Citing Green-Younger v. Barnhart, 335 F.3d 99, 107-08 (2d Cir. 2003), Abarzua also appears to argue that the opinions of consulting physicians cannot provide substantial evidence. But in Green-Younger, this Court explained that "the reports of two SSA consulting physicians . . . are also not substantial evidence," not because of the mere fact that they were consulting physicians, but because one relied entirely on a single report, and the other addressed the wrong deficits, i.e., deficits that were not at issue. Id. Here, in contrast, Drs. Brahms, Efobi, and Blackwell relied on multiple pieces of medical evidence and addressed relevant findings with respect to Abarzua's condition. The ALJ did not err in concluding that substantial evidence, including her own treatment notes, contradicted Dr. Batista's opinion on Abarzua's workday and workweek limitations, and therefore did not err in discounting her opinion.

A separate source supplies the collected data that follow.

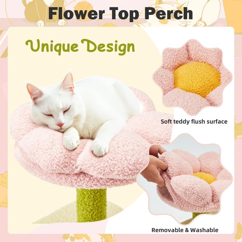Featuring a charming flower-shaped platform, this cute cat tree showcases a unique and eye-catching design. The support columns resemble blossoming flowers, adding a delightful decorative touch while creating a stylish and functional playground for your cat—from playtime to relaxation.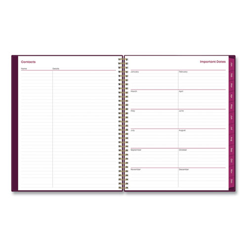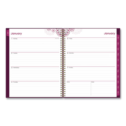 With the perfection of a stencil-like design, the Gili planner features rich jewel tones on the cover. Weekly calendar view per two-page spread is lined for easy scheduling. Monthly view per two-page spread offers a visual overview of your time plus a notes section. Planner also includes a yearly goals page, contacts and notes pages, holidays, and 2-year reference calendar. Twin-wire binding and durable, coated tabs offer easy page turning and access to past, present and future months. Includes six bonus monthly views for easy yearly transitions (July – Dec).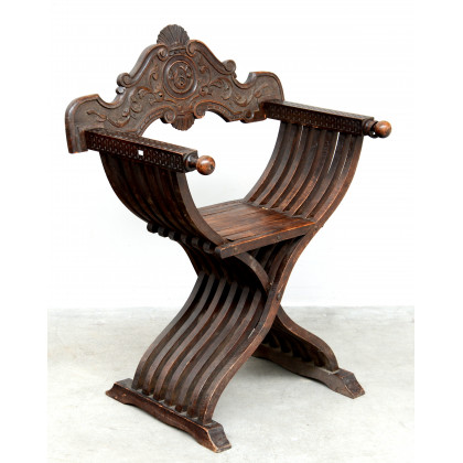 Poltrona "savonarola" con cartella intagliata e sagomata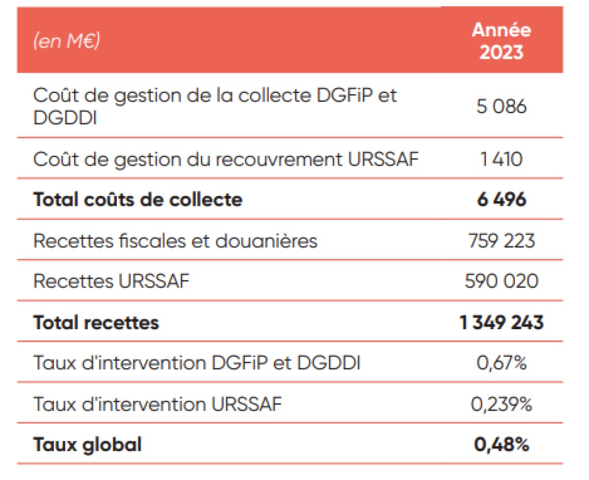 Cette complexité fiscale se répercute aussi dans les coûts de collecte : ils se situent à 0,54 % des impôts du périmètre DGFIP. Ce taux est supérieur si on inclue les Douanes (DGDDI) : 0,67 % mais inférieur si on prend aussi en compte les URSSAF, pour atteindre un taux global de 0,48 %, soit l'équivalent d'un coût global de collecte de 6,7 Md€.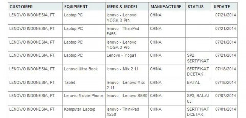 Ранее на этой неделе на сайте Федерального агенства по связи США (FCC) прошла сертификацию защитная обложка со встроенной Bluetooth-клавиатурой, предназначенная для планшетного компьютера Lenovo Yoga 2 10. Однако, помимо планшетов, под брендом Yoga компания Lenovo выпускает и полноценные ноутбуки на операционной системе Windows. Теперь стало известно, что на индонезийском аналоге FCC прошёл сертификацию ещё не анонсированный ноутбук Lenovo Yoga 3 Pro.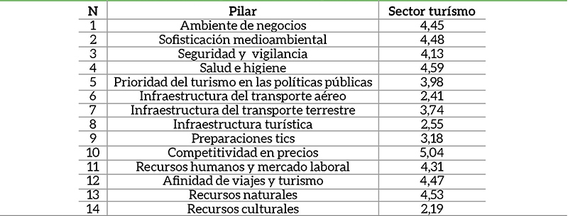 Tabla 12. Nivel de Competitividad de los pilares en el sector Turismo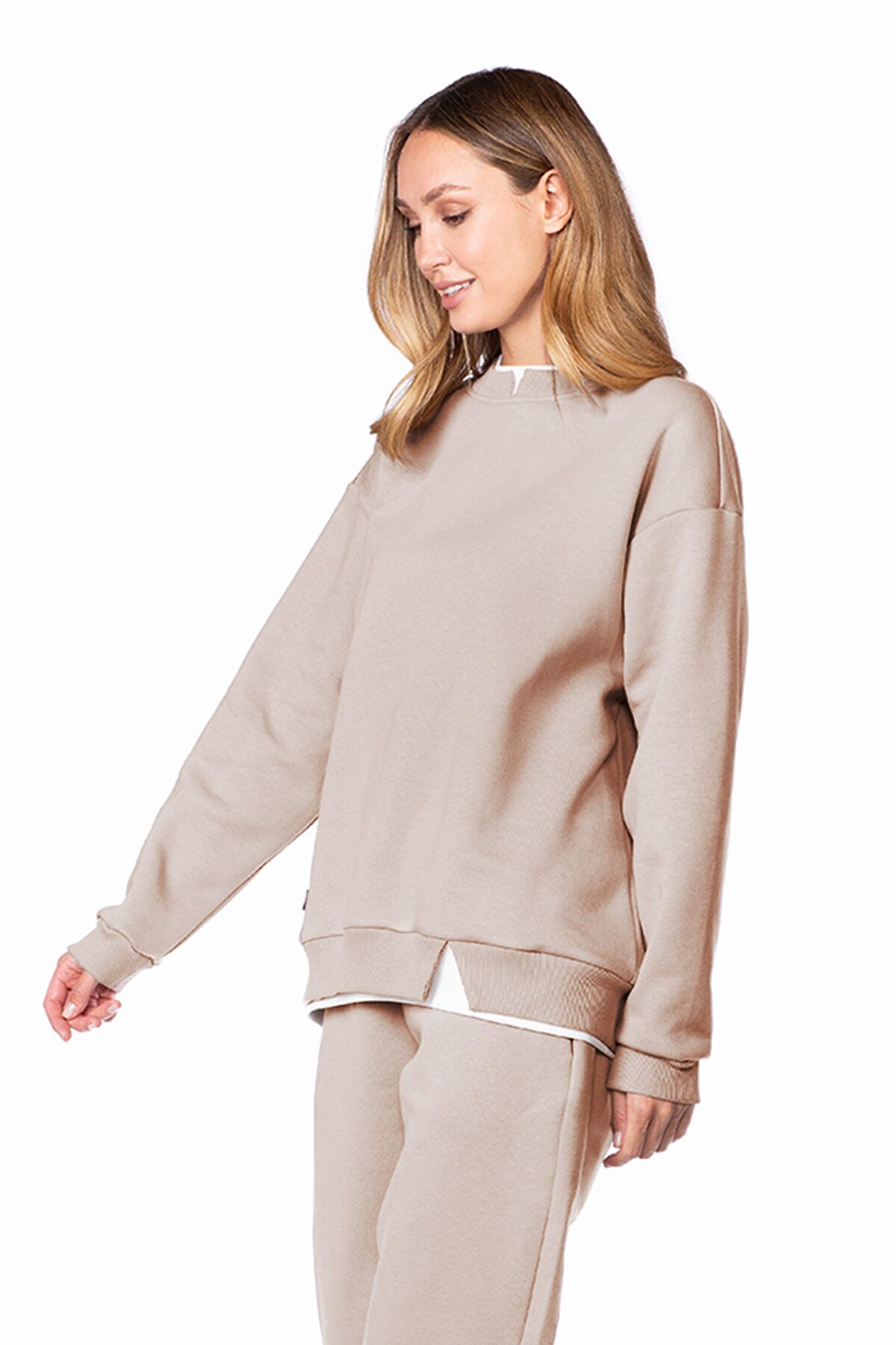 Утепленный женский свитшот свободного кроя с круглым вырезом горловины. Низ свитшота из горловина из эластичного фактурного кашкорсе, продублированного контрастной белой вставкой, имитирующей выглядывающую футболку снизу.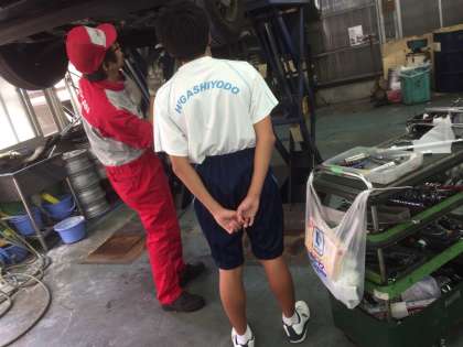 日産大阪販売 豊里店です。自動車整備を見学しています。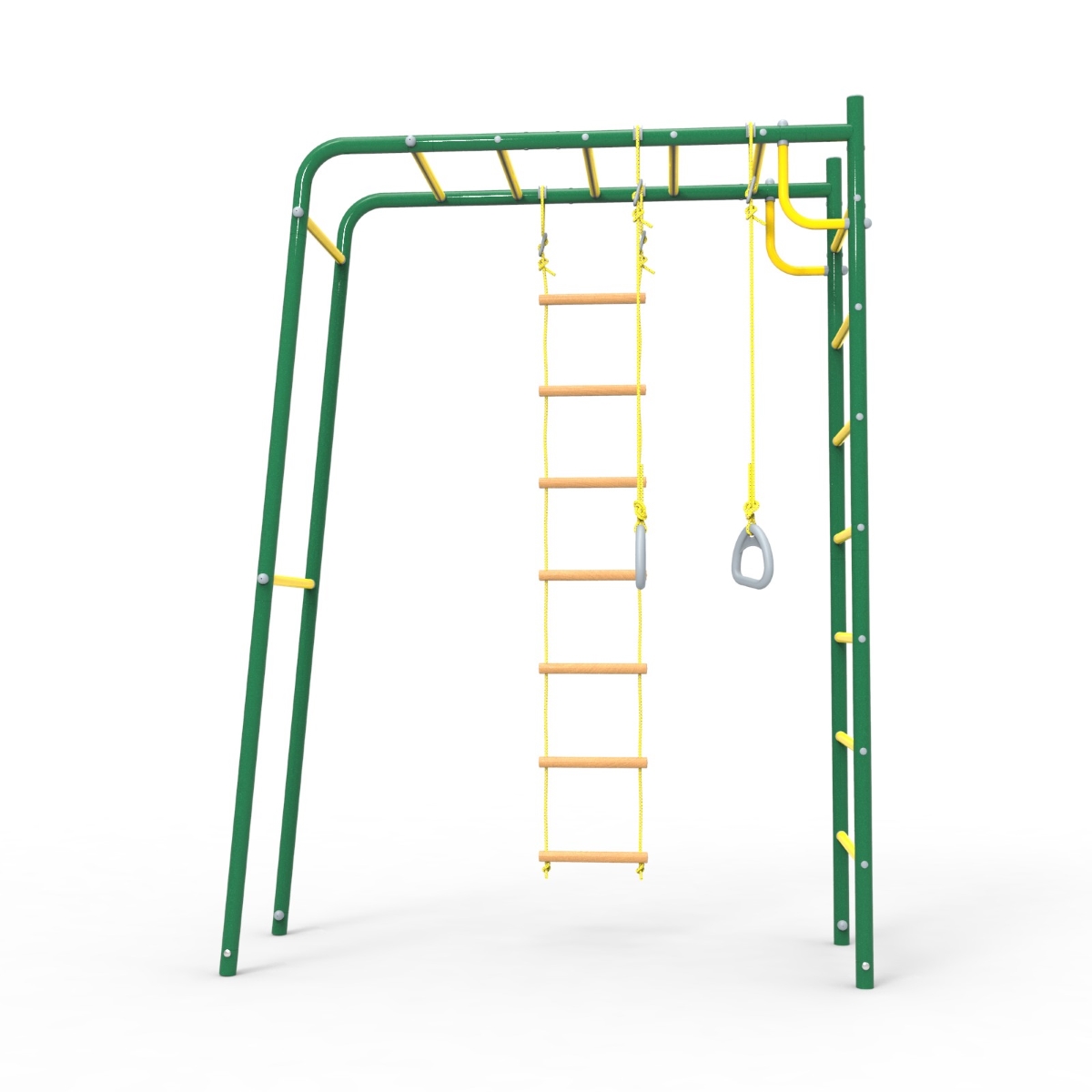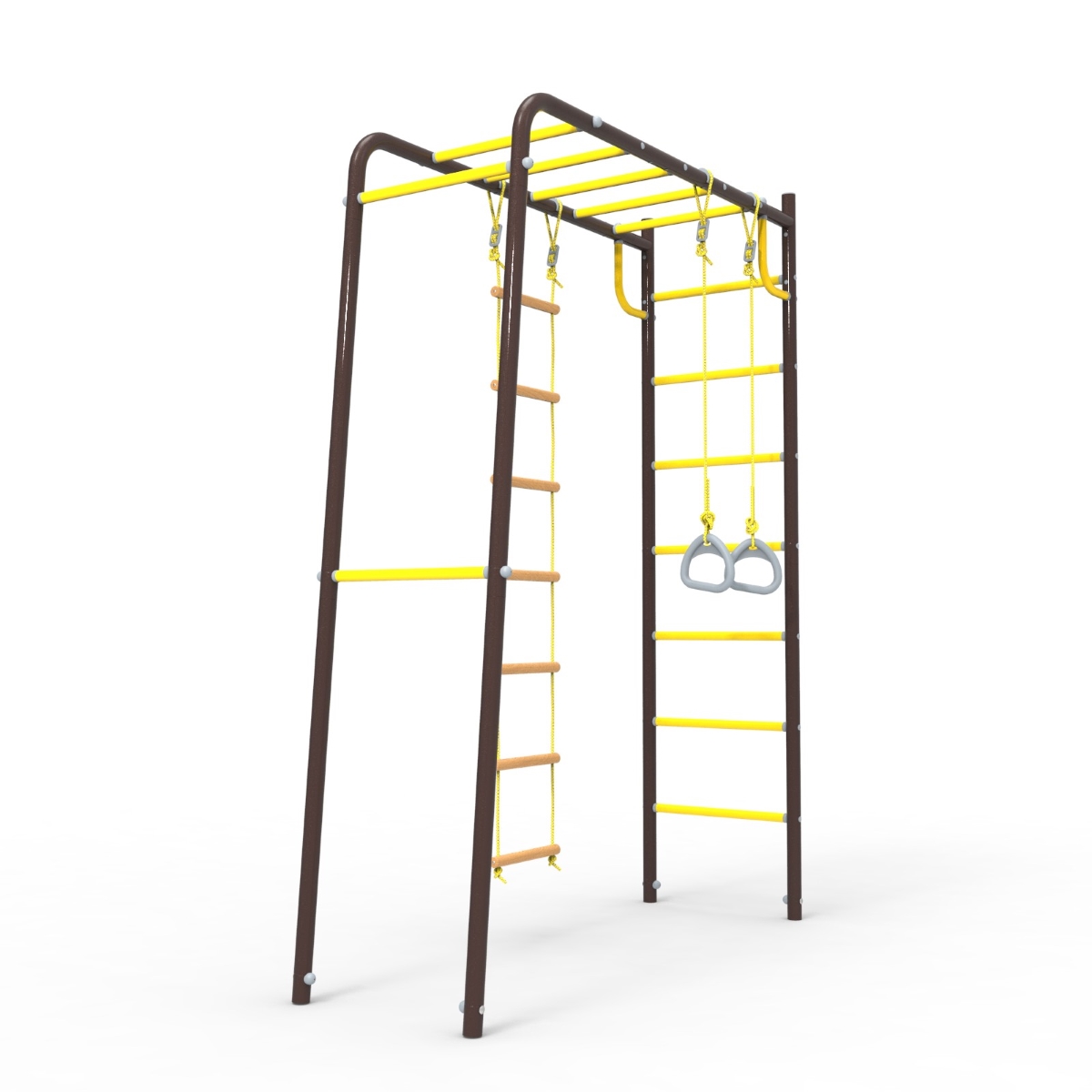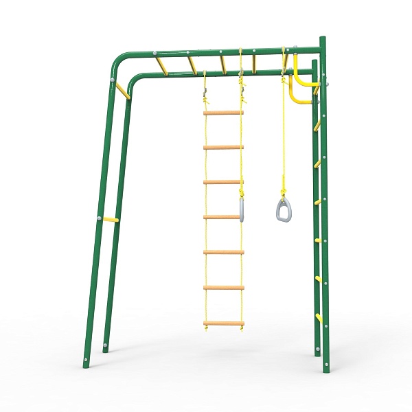 Этот детский спорткомплекс представляет собой достаточно компактную конструкцию, для размещения которой на участке понадобится совсем мало места. Достаточно лишь найти ровный и свободный прямоугольный участок земли размером всего 1,7 х 2,6 метра.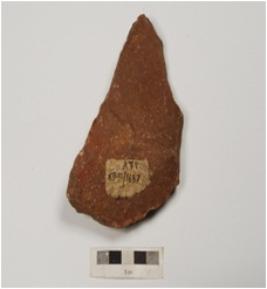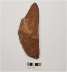 | Description / विवरण | A side scraper made on quartzite flake, flake scars on dorsal side, prepared platform, diffused bulb on ventral side, retouched mark along cutting edges and broken along distal end. |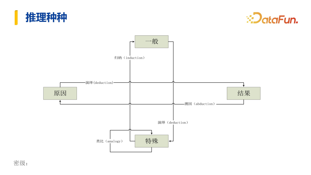而在自动化的过程中,推理可以进一步分为两类,一类推理是描述特殊和一般的关系(上图中的纵向),包括归纳(从特殊到一般)、演绎(从一般到特殊)和类比(从特殊到特殊)等;另一类推理则描述原因与结果的关系(上图中的横向),从原因到结果的推理是正常的演绎路径,而从结果到原因的推理则是溯因路径。

Abarzua next argues that the Commissioner failed to sustain her burden of proof to show that Abarzua can adjust to other work in the economy. "[T]here is only a limited burden shift to the Commissioner at step five. Under the applicable . . . regulation, the Commissioner need only show that there is work in the national economy that the claimant can do; he need not provide additional evidence of the claimant's residual functional capacity." Poupore, 566 F.3d at 306. Here, the vocational expert testified that the hypothetical individual incorporating Abarzua's vocational profile and residual functional capacity could perform work as, for example, an addresser, document preparer, sack or bag repairer, or surveillance system monitor. The Commissioner was not required to show that Abarzua could adjust to other work in the economy, as Abarzua argues. Abarzua's argument on this point essentially repeats her argument as to the weighing of the treating physicians' opinions. For the reasons above, this argument fails.
We have considered the remainder of Abarzua's arguments and find them to be without merit. Accordingly, we hereby AFFIRM the district court's judgment.